I had updated cluster configuration before, so there was some output 
about it in the logfile (not from the beginning here, because it is 
rather big):

May 14 13:29:13 iblade6 cib[2848]:     info: cib:diff: - <primitive 
id="Security_A" >
May 14 13:29:13 iblade6 cib[2848]:     info: cib:diff: - 
<meta_attributes id="Security_A-meta_attributes" >
May 14 13:29:13 iblade6 cib[2848]:     info: cib:diff: - <nvpair 
id="Security_A-meta_attributes-target-role" name="target-role" 

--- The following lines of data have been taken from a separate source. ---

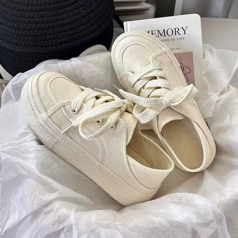 • 2025 New Chic Spring/Summer Niche Student Korean Style Slip-on Round Toe White Sneakers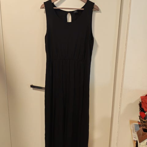 Musta mekko jossa v-pääntie ja pienet perhoshihat. Koko L.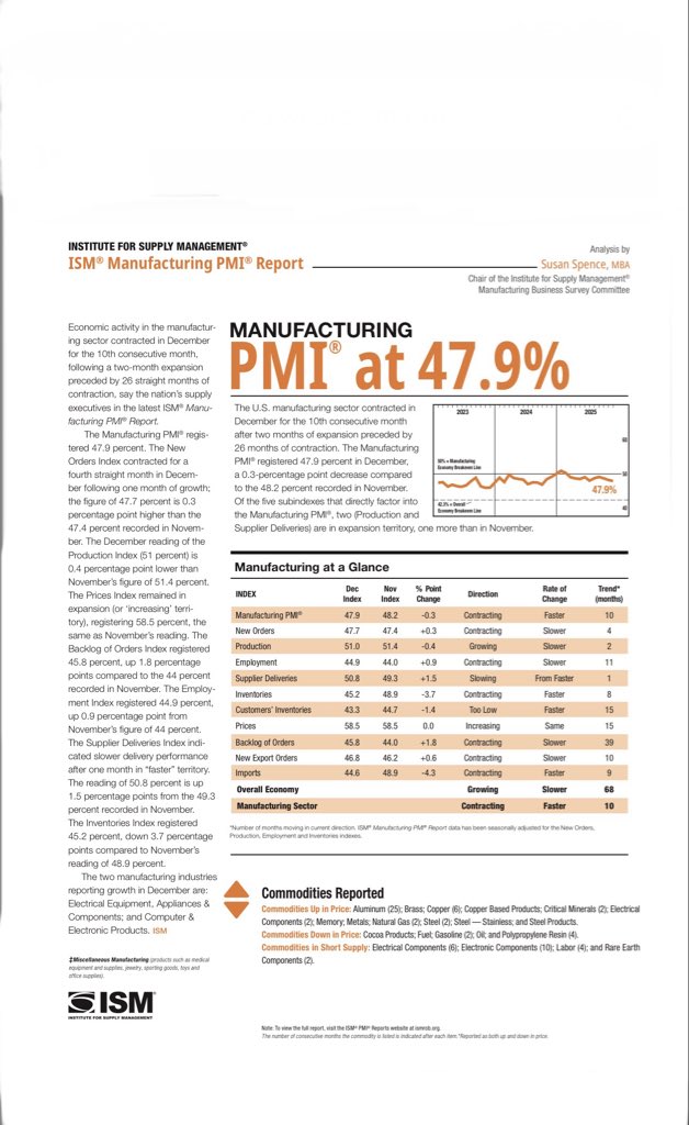 PMI at 47.9 is soft, but not crashing. And yes, ISM reminds us that anything above 42.3 has historically lined up with overall GDP growth. That framing is technically true. But if you slow down and read this like someone who lives inside cash flows, inventories, and payroll decisions, the story underneath feels a lot more fragile.
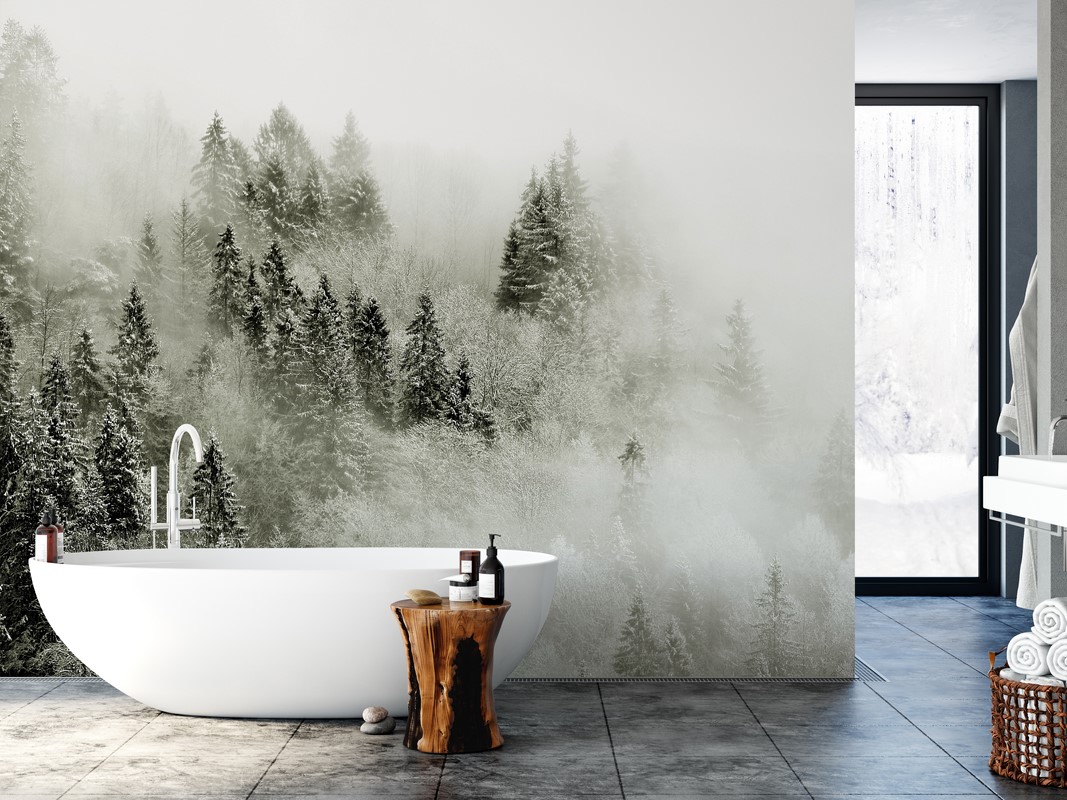 Tapetul Pădure de iarnă în ceață este o decorațiune care aduce în interiorul dumneavoastră o atmosferă unică de liniște, magie și misterul evaziv al naturii. O pădure acoperită de ceață, iluminată delicat de lumina zorilor, evocă un sentiment de imersiune într-un peisaj de iarnă – copaci abia conturați printre tonuri blânde, pastelate. Spațiul curge din contururile cețoase, creând o atmosferă de contemplare și liniște, perfectă pentru un living, dormitor, birou sau spațiu de wellness. Tapetul surprinde profunzimea naturală a peisajului și introduce o spațiozitate și o eleganță subtilă în interior. În aranjamentele scandinave, minimaliste sau rustice, este un accent unic care promovează relaxarea și echilibrul estetic.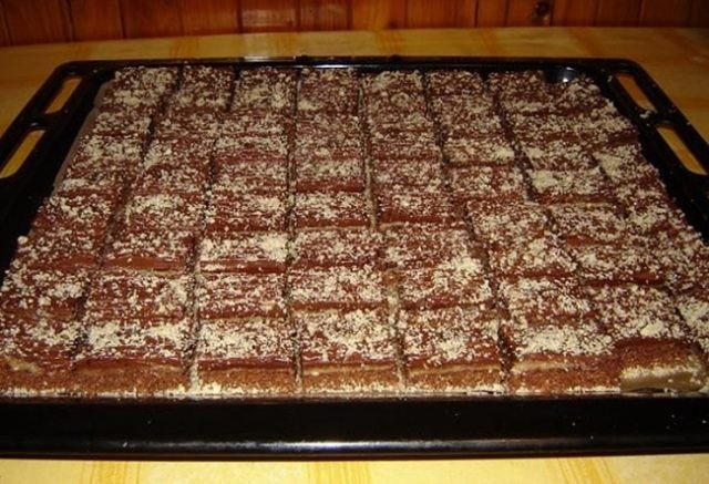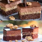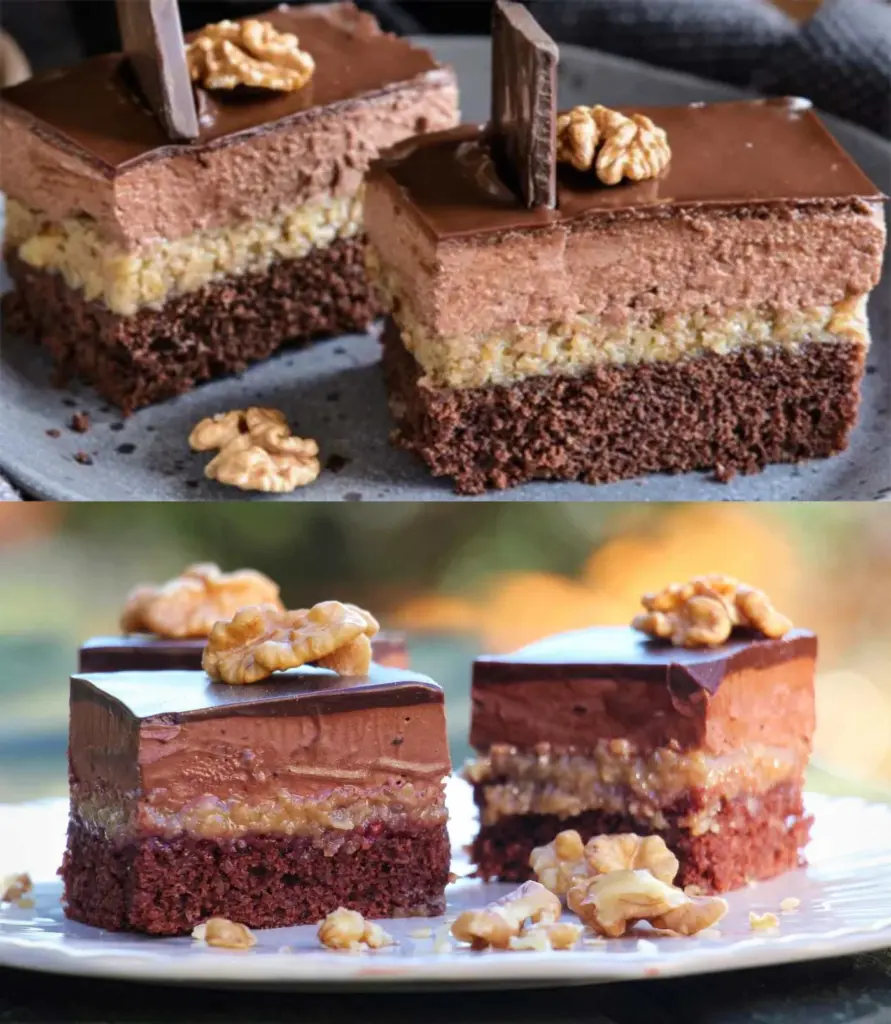 • Preparation of the base Separate the eggs into whites and yolks. Beat the yolks with the sugar until pale and foamy. Add the softened butter and whisk. Fold in the sifted flour, cocoa, baking powder and walnuts. Finally, gently fold in the beaten egg whites with a pinch of salt. Spread the batter on a baking sheet lined with parchment paper (approx. 30×40 cm). Bake for 14–17 minutes at 180 °C. Check with a skewer whether the base is done.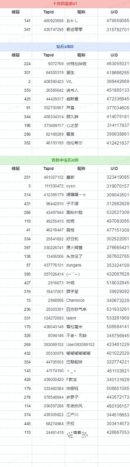 开奖啦~(涉及数量较大,还请制作人们下载原图查看哦~) 非常感谢大家的热情参与!另外可能会有以下情况 ①Tap吞帖未能显示评论 ②制作人未填写uid或者uid填写错误 ③同一TapID多次发送不同UID与截图 奖励的发放会在7个工作日内完成~如果制作人对于奖励有疑问,可以联系客服助理君QQ:800039416 提供您的TapID以及UID进行询问哦,她们会为您核实解答哒~(请勿进行微博私信,提交给

value="Stopped" __crm_diff_marker__="r
emoved:top" />
May 14 13:29:13 iblade6 cib[2848]:     info: cib:diff: - </meta_attributes>
May 14 13:29:13 iblade6 cib[2848]:     info: cib:diff: - </primitive>
May 14 13:29:13 iblade6 cib[2848]:     info: cib:diff: - <primitive 
id="Security_B" >
May 14 13:29:13 iblade6 cib[2848]:     info: cib:diff: - 
<meta_attributes id="SPBEX_Security_B-meta_attributes" >
May 14 13:29:13 iblade6 cib[2848]:     info: cib:diff: - <nvpair 
id="Security_B-meta_attributes-target-role" name="target-role" 

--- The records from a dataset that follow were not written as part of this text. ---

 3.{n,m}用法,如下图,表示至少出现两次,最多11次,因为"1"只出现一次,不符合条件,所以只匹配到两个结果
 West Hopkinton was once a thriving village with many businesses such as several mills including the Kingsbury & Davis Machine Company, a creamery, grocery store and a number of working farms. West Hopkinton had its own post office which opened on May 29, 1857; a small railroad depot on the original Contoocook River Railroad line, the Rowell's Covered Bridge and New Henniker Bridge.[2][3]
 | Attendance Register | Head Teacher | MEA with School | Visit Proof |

value="Started" __crm_diff_marker__="removed:top" />
May 14 13:29:13 iblade6 cib[2848]:     info: cib:diff: - </meta_attributes>
May 14 13:29:13 iblade6 cib[2848]:     info: cib:diff: - </primitive>
May 14 13:29:13 iblade6 cib[2848]:     info: cib:diff: - </group>
May 14 13:29:13 iblade6 cib[2848]:     info: cib:diff: - </resources>
May 14 13:29:13 iblade6 cib[2848]:     info: cib:diff: - </configuration>
May 14 13:29:13 iblade6 cib[2848]:     info: cib:diff: - </cib>
May 14 13:29:13 iblade6 cib[2848]:     info: cib:diff: + <cib 
epoch="496" num_updates="1" admin_epoch="0" 

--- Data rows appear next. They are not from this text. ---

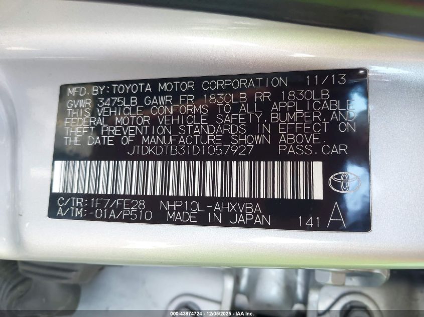 2013 TOYOTA PRIUS C 2013 року Гибрид, 1.5, Передний привод, vin - JTDKDTB31D1057927 из США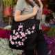 picnic, holiday trips, and so on. The Asian themed pink cherry blossom on the black background are a sight to behold and add a touch of exclusivity and style. You may carry such attractive looking bag to complement your outfit and overall personality.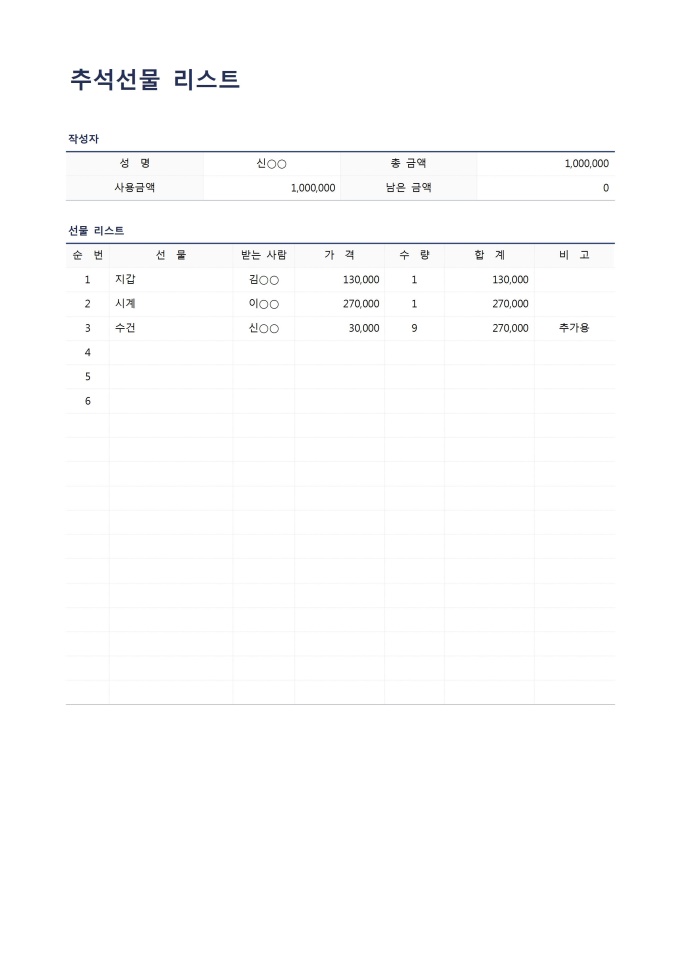 9,000원/월추석선물리스트입니다. 추석에 나눠줄 선물 리스트를 작성할 때 사용할 수 있는 문서입니다.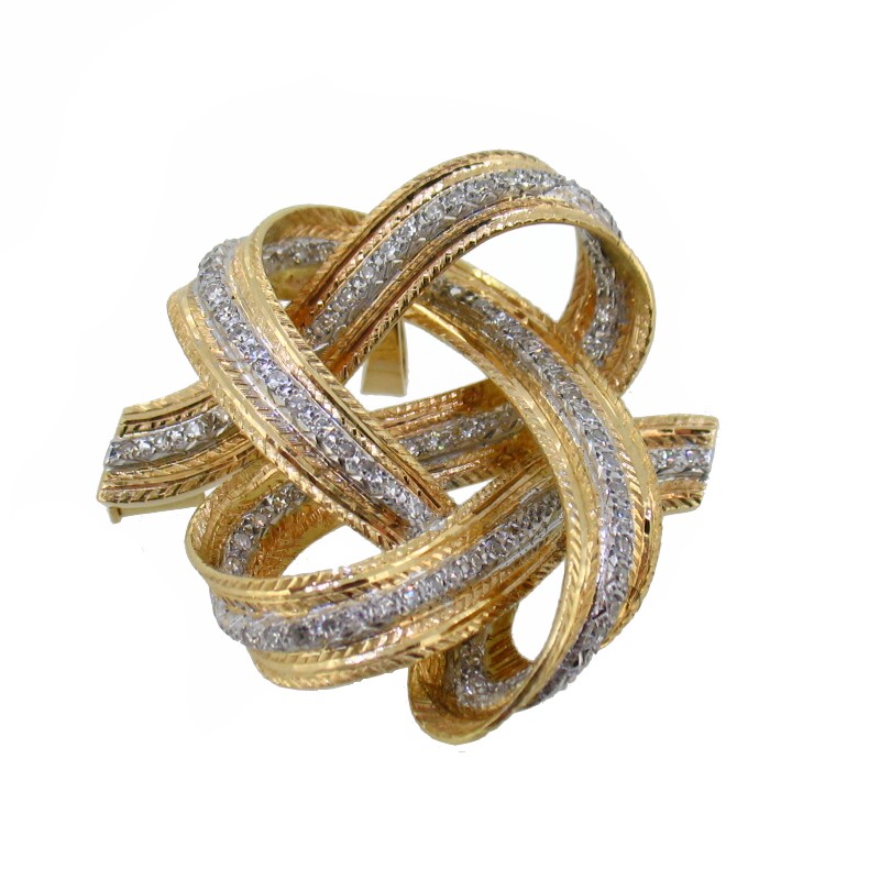 - Broche en oro de 18k formado por dos cintas onduladas
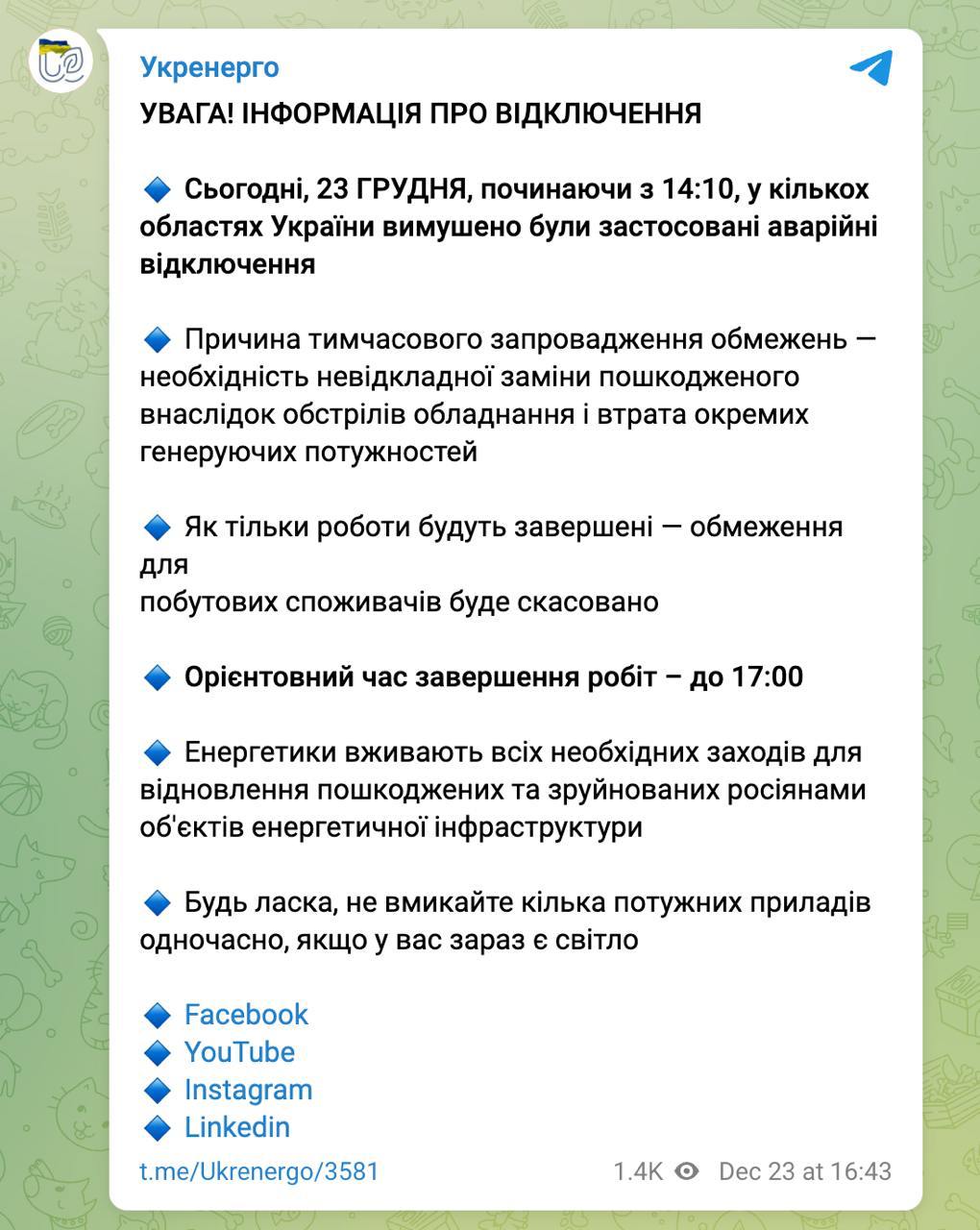 Аварійні відключення в Україні планують скасувати до 17:00.

validate-with="pacemaker-1.2" cib-last-written="Mon May 13 18:50:25 
2013" crm_feature_set="3.0.6" update-origin="iblade6.net.rts" 
update-client="cibadmin" have-quorum="1" dc-uuid="2130706433" >
May 14 13:29:13 iblade6 cib[2848]:     info: cib:diff: + <configuration >
May 14 13:29:13 iblade6 cib[2848]:     info: cib:diff: + <resources >
May 14 13:29:13 iblade6 cib[2848]:     info: cib:diff: + <group 
id="FAST_SENDERS" >
May 14 13:29:13 iblade6 cib[2848]:     info: cib:diff: + 
<meta_attributes id="FAST_SENDERS-meta_attributes" 
__crm_diff_marker__="added:top" >
May 14 13:29:13 iblade6 cib[2848]:     info: cib:diff: + <nvpair 
id="FAST_SENDERS-meta_attributes-target-role" name="target-role" 
value="Started" />
May 14 13:29:13 iblade6 cib[2848]:     info: cib:diff: + </meta_attributes>
May 14 13:29:13 iblade6 cib[2848]:     info: cib:diff: + </group>
May 14 13:29:13 iblade6 cib[2848]:     info: cib:diff: + </resources>
May 14 13:29:13 iblade6 cib[2848]:     info: cib:diff: + </configuration>
May 14 13:29:13 iblade6 cib[2848]:     info: cib:diff: + </cib>
May 14 13:29:13 iblade6 cib[2848]:     info: cib_process_request: 
Operation complete: op cib_replace for section resources 
(origin=local/cibadmin/2, version=0.496.1): ok (rc=0)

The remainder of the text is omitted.